As we head out of Pauillac, you feel the register change. It takes a heartbeat to adjust, but then you start to see the beauty of a different style of 2010, a little more elegant, a little more sculpted, with concentration that sits deep in the body of the wine but builds more slowly through the palate. This shows the beauty of the appellation of Margaux in the way that you always want and hope the First Growths will - a signpost towards the rest, showing why they should be celebrated. Here are violet aromatics, soft black truffle flavours and silky, elongated tannins. Extremely good quality; fairly savoury berry fruits. As with all of these, there's a long long life ahead of it, and best to be put away for another five years at least. Drinking Window 2025 - 2050.
Deep garnet in color, the 2010 Château Margaux features notions of minted blackcurrants, new leather and Black Forest cake with nuances of sautéed herbs, tar, underbrush and wild fungi plus a waft of cedar. Full-bodied, the palate has a rock-solid structure of firm, grainy tannins and bold freshness supporting the taut, muscular fruit, finishing long and earthy.

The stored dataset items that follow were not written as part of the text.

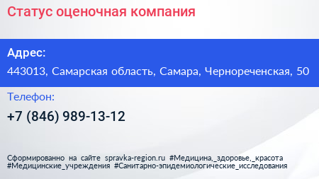 Статус, оценочная компания по адресу 443013, Самарская область, Самара, Чернореченская, 50 в дальнейшем Организация, размещена в следующих категориях:
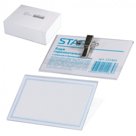 Нагрудная этикетка (бэйдж) 60*90мм. ClipStudio, с булавкой и клипом, 588-014/50/2000
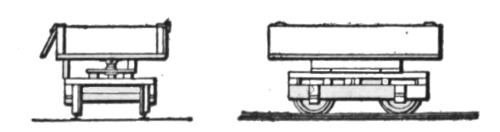 Standard gage railway dump cars, Figs. 66 and 67, have nearly gone out of use. They were replaced by the center ridge flat car, Figs. 68 and 69, and it in turn has been replaced by the ordinary flat car. Dump cars are of two styles, dumping either by tipping, Fig. 66, or by means of a hinged sideboard opening on an inclined floor, Fig. 67. Both are heavy, clumsy, costly and can be used for scarcely any other purpose, often standing idle from six to eight months of the year. They dump dry materials very rapidly, but are often slow in discharging damp, tenacious materials, especially in the hinged sideboard car, whose floor slope is often not sufficient to permit the material to slip out quickly, and the material must then be pushed out, thus causing much delay. The greatest objection to these cars is that they can be used for scarcely any other purpose, on most railways for no other purpose; and there is not sufficient work for them to justify keeping the necessary number on hand for the ordinary work in this line. They were replaced by the center ridge car, Figs. 68 and 69, as above noted, which is merely an ordinary flat car with a timber 4 by 6 ins. bolted on its floor along the center line, serving as a guide for a plow, Fig. 70, drawn over it by the locomotive, thereby unloading the material. The ridge timber is slightly pointed at both ends to assist in guiding the plow onto the car as it passes from one car to another. The top edges of the ridge are sometimes protected by angle irons, as in Fig. 71, and the points by cast iron caps, Fig. 72. By taking off the center ridge this car can readily be restored to general service after completing the steam shovel work. The center dump car, shown in Fig. 73, is used only for gravel ballasting where the material is wanted delivered between the rails.
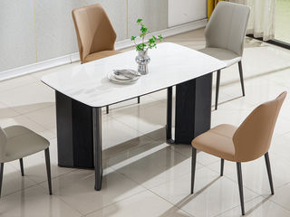 甄品家具 轻奢 桌面:岩板+底板脚架:不锈钢黑钛注:(此价格为蛋型亮光单价) 1.6米餐桌
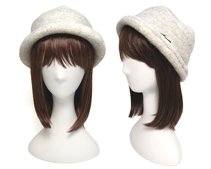 つば先がくるんと折り返っているので、特にベージュは焼売のようなイメージに。
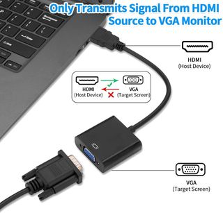 Este adaptador te permite conectar dispositivos con salida HDMI a pantallas con entrada VGA. Con entrada de sonido y de alimentación.
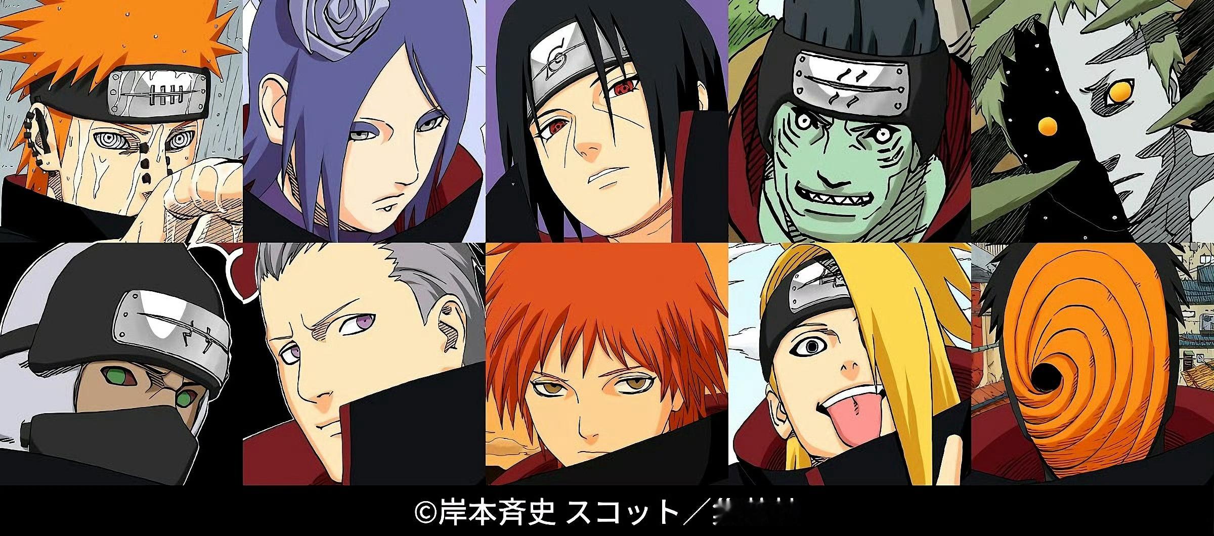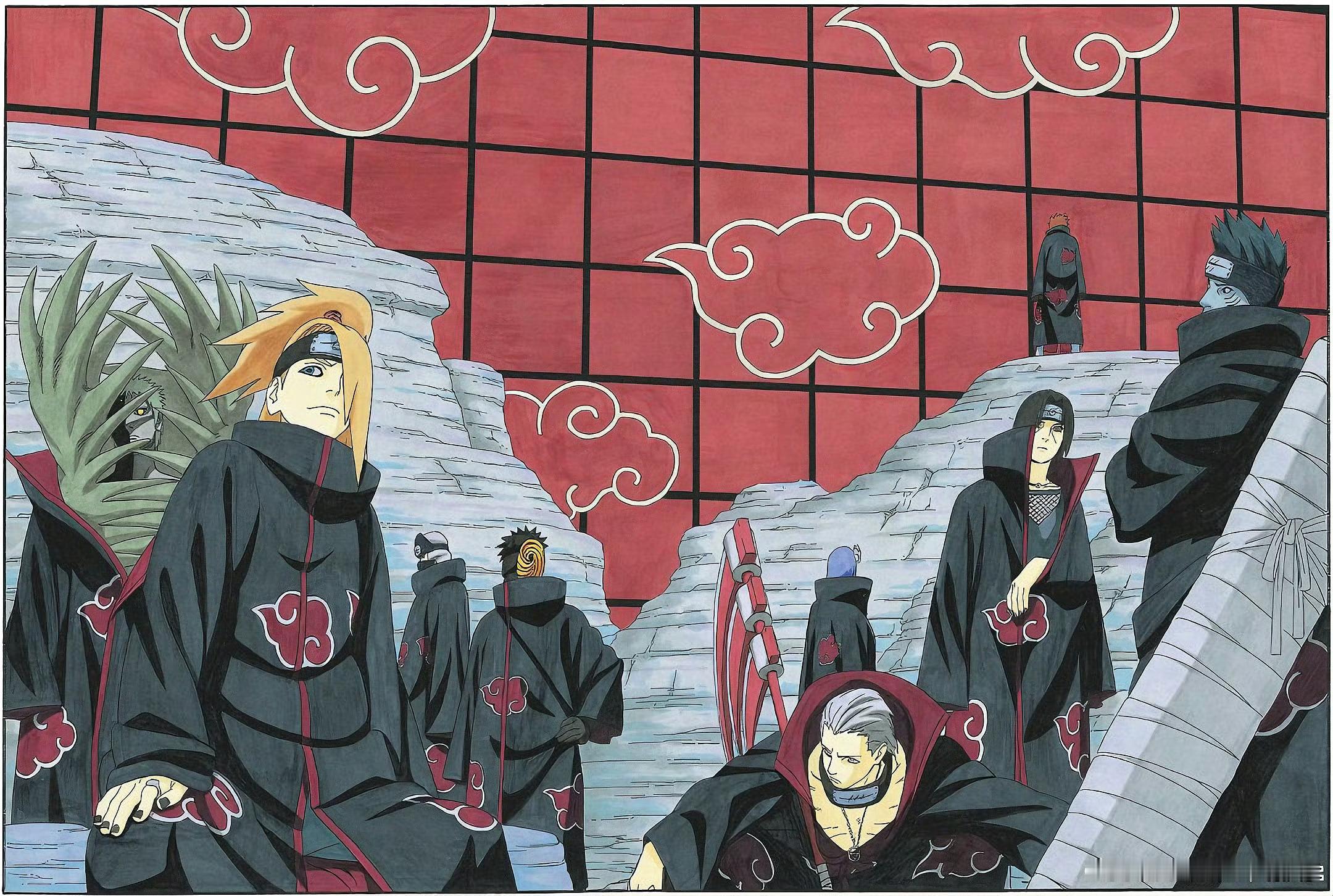 『火影忍者官方』最新发布推文:“晓组织,集结”我也整理了一些晓组织的原画[抱一抱

Liquid velvet, with stunning length and a caressing mouthfeel, as layers of creamed plum, blackberry coulis and steeped black currant fruit glides along, seamlessly intertwined with black tea, mulled blood orange, incense and lilac. Hints of mesquite and alder hang subtly in the background, and the structure, evident and massive, has melded wonderfully. (Collectible)

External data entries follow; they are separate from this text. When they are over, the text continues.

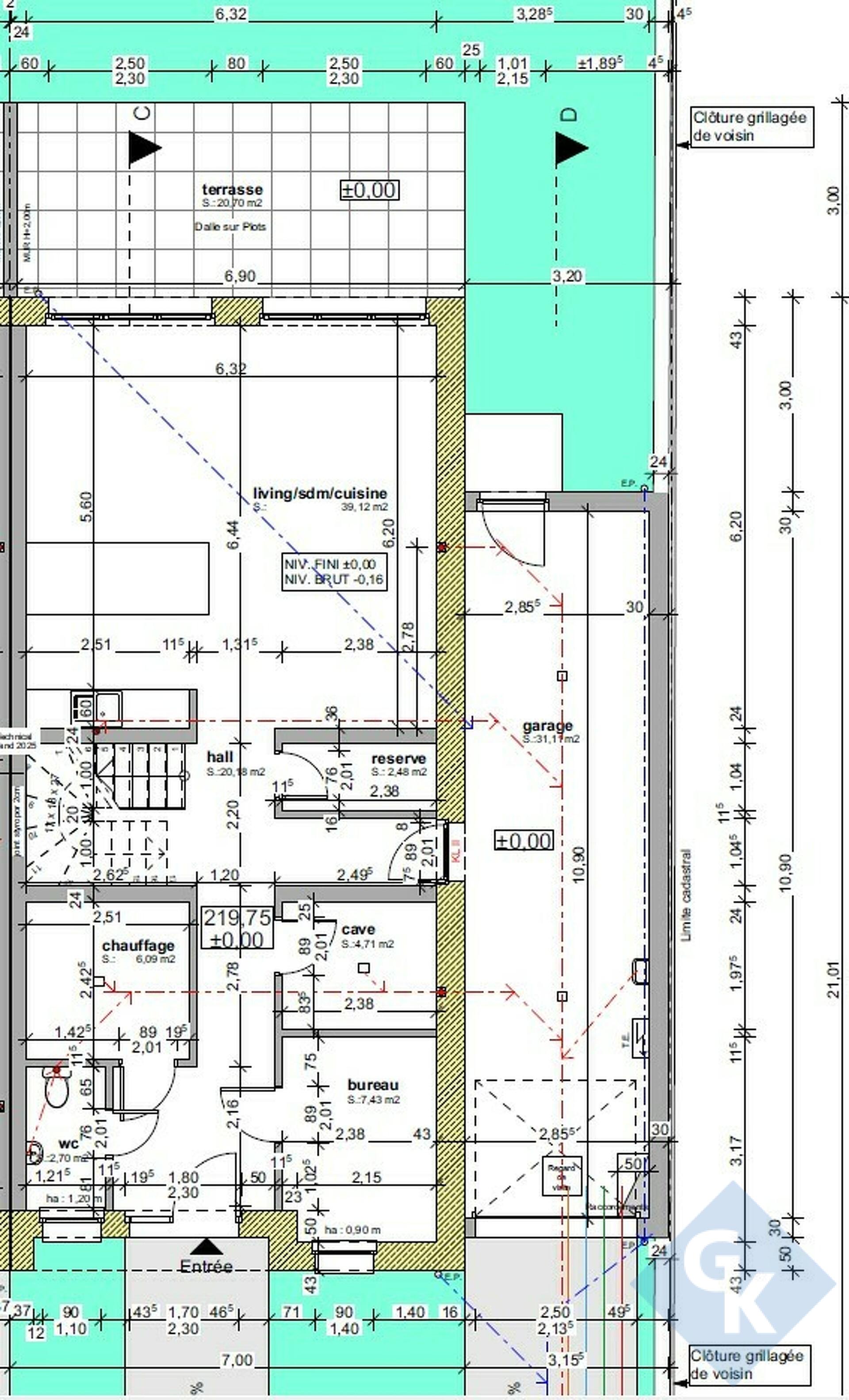 Rez-de-chaussée: hall d'entrée - bureau (7,43m²) - WC séparé - chaufferie - hall d'escalier - réserve - cuisine ouverte sur living et salle à manger (total: 39,12m²) - terrasse (20,70m²) - annexe double garage.
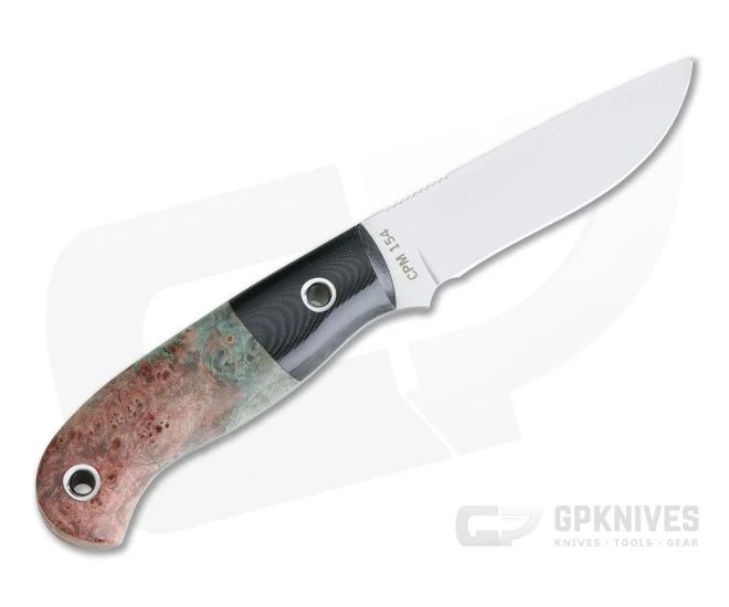 The Mike Irie Custom Model 110 lightweight Hunter is an ideal size for hunting, woodcraft or daily carry or as a mid-sized fixed blade for any collection. Mike Irie is renowned for his hand ground blades and his Custom Model 110 showcases his skill and attention to detail. This piece comes with a hand rubbed satin finished blade of CPM-154, polished Black Linen Micarta bolsters and Stabilized Maple Wood handles.
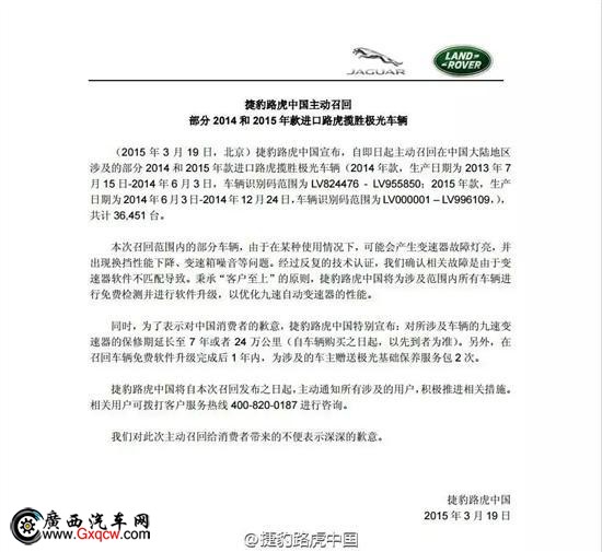 捷豹路虎中國(guó)在3月19日20:30分左右通過(guò)@捷豹路虎中國(guó)官方微博發(fā)布《捷豹路虎中國(guó)主動(dòng)召回部分2014和2015年款進(jìn)口路虎攬勝極光車輛》公告,全文如下:

A great wine that is just starting out. The high proportion of Cabernet Sauvignon in the blend gives the structured, black currant character. Dark chocolate and layers of wood are forward, revealing how young the wine is. And then the fruit, so rich and powerful, brings deliciousness to the firm, dense structure. Age for many years. (Cellar Selection)
Reminding me slightly of the 1996 (and maybe the 2019) with its purity and precision, the 2010 Château Margaux offers a classic bouquet of red and black currants, green tobacco, sandalwood, spring flowers, and lead pencil shavings. Rich, full-bodied, and beautifully concentrated on the palate, with ripe tannin and integrated yet notable acidity, this is as classic and regal as Margaux gets, and while it has a terrific sweetness of fruit and ripeness to its tannins, it needs another 4-5 years to hit true prime time and is going to evolve for another 30 years or more.
The 2010 Château Margaux performed far better at this horizontal than at Farr's blind tasting a few days later. It has a beguiling bouquet, highly perfumed with crushed violets infusing the blackberry and crushed strawberry scented, hints of pencil box and cedar emerging with time. The palate is medium-bodied with supple tannins and a fine bead of acidity. There is a wonderful sense of symmetry here with a silky elegant finish that is amazingly persistent. It is one of the best wines that Paul Pontallier ever made. Tasted from an ex-château bottle at the BI Wines & Spirits 10-Year On tasting.